Thank you for your suggestion. We agree that protection at input / output level would be interesting to look at. Our relearning attack does not conflict with attacks such as jailbreaking attacks whose goal is to break input / output space alignment techniques such as guardrails. Hence, it would be an interesting next step to try to combine relearning attacks with existing prompt-based attack methods to attack aligned models at multiple places within the LLM inference pipeline. We have added this as a direction of future work in the conclusion section.

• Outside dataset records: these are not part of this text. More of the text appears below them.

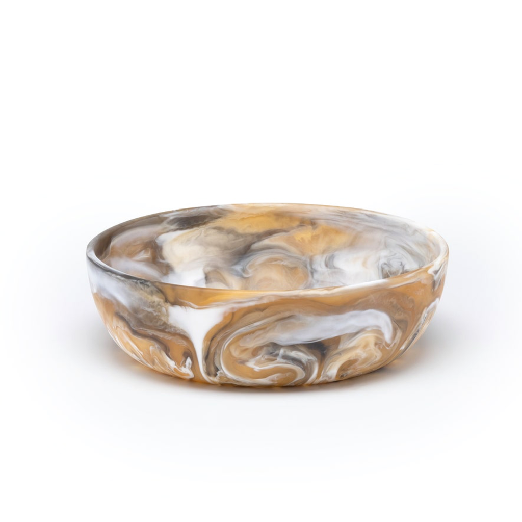 Bring joy to tabletops with Hugo-an elegant series of two-tone resin pieces in mesmerizing marbleized finishes.
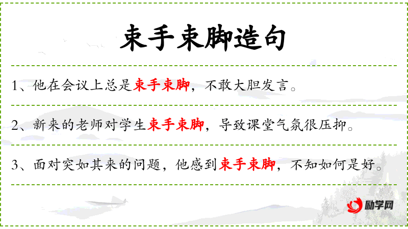 4. 【束手束脚】 - 捆住手脚。形容胆子小,顾虑多。
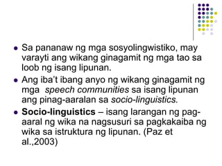 Scribd is the worlds largest social reading and publishing site. Ang ganitong pagkakaiba sa mga katawagan at kahulugan ng salitang ginagamit sa ibang lugar ang tinatawag nating heograpikal na varayti ng wika. Aralin 2 gçô ang wika at lipunan 1.
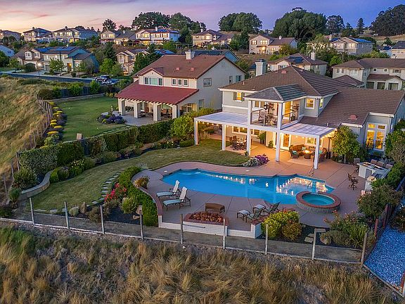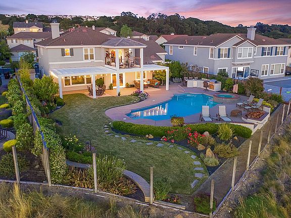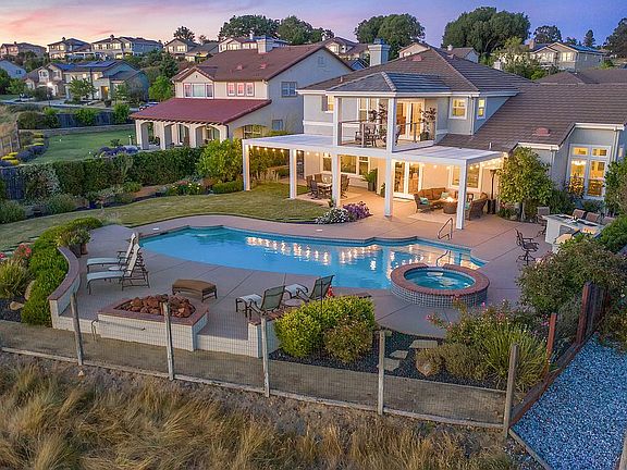 Spectacular San Francisco Bay views and 3,238SF of luxurious living await the new owners of this elegant Bailey Ranch home. There is a range of open-plan living spaces to enjoy along with a stunning outdoor entertaining area where you can admire the glorious outlook, relax in the hot tub and pool or gather around the fire pit.To the left of the entry is the beautifully appointed living and dining room while the gourmet kitchen is open to the family room with a gas fireplace. Prefer to cook and dine outdoors? The sensational patio offers a barbeque and space to host guests while no rear neighbors ensures an uninterrupted view. One bed and one bath are housed on the main level and there are two beds and one bath plus the master suite on the upper level. The luxurious master boasts a balcony where you can take in the view and overlook the pool plus there are an upper-level laundry room and a loft.
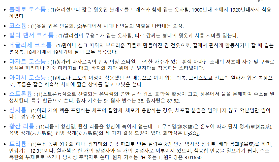 리튬, 스트론튬, 트리튬, 염화 리튬, 탄산리튬, 코스튬, 아카데믹 코스튬, 엘리자베션 코스튬, 포스코스튬, 볼레로 코스튬 등 알아두면 한방단어로 공격하기 쉽습니다.
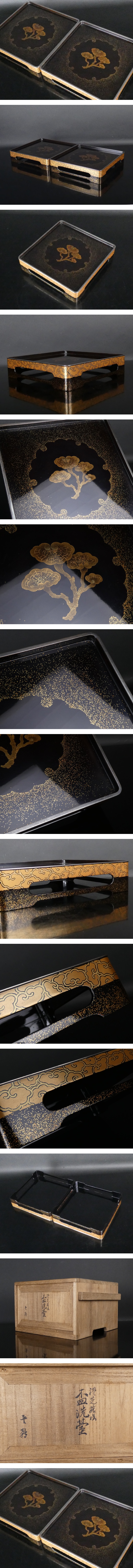【都屋】時代 銀縁 研ぎ出し蒔絵 盃台 一対 霊芝蒔絵 R193 1116 收藏

The result here is useful but not too far away from what has been suggested by Qi et al.

There are several key differences between our work and Qi et al.

• Different scenario: In this work we explore finetuning-based relearning attacks to demonstrate vulnerabilities in unlearning, whereas Qi et al. uses finetuning to compromise safety training.
• Focus on relearning data: Beyond the relearning attack itself, as we discuss in our Figure 2 and Section 2.2, 2.3, a key contribution of this work is that we characterize types of relearning data that may lead to successful attacks. Indeed, Qi et al points out (Remark 4) that understanding what types of data may lead to the most significant safety deterioration is a “critical future direction”. Our work helps to answer this question in the context of relearning: We formalize the notion of benign data (relearning data that cannot provide direct answers to the eval queries), and systematically explore when such benign data may lead to successful relearning attacks across common unlearning applications.
• Explanation: Finally, our work also differs by helping to provide plausible explanations (Section 5) on why such a phenomenon may happen, including our analysis on the simplified keyword search example.

Please also refer to our general response for more detailed discussion on contributions of this work.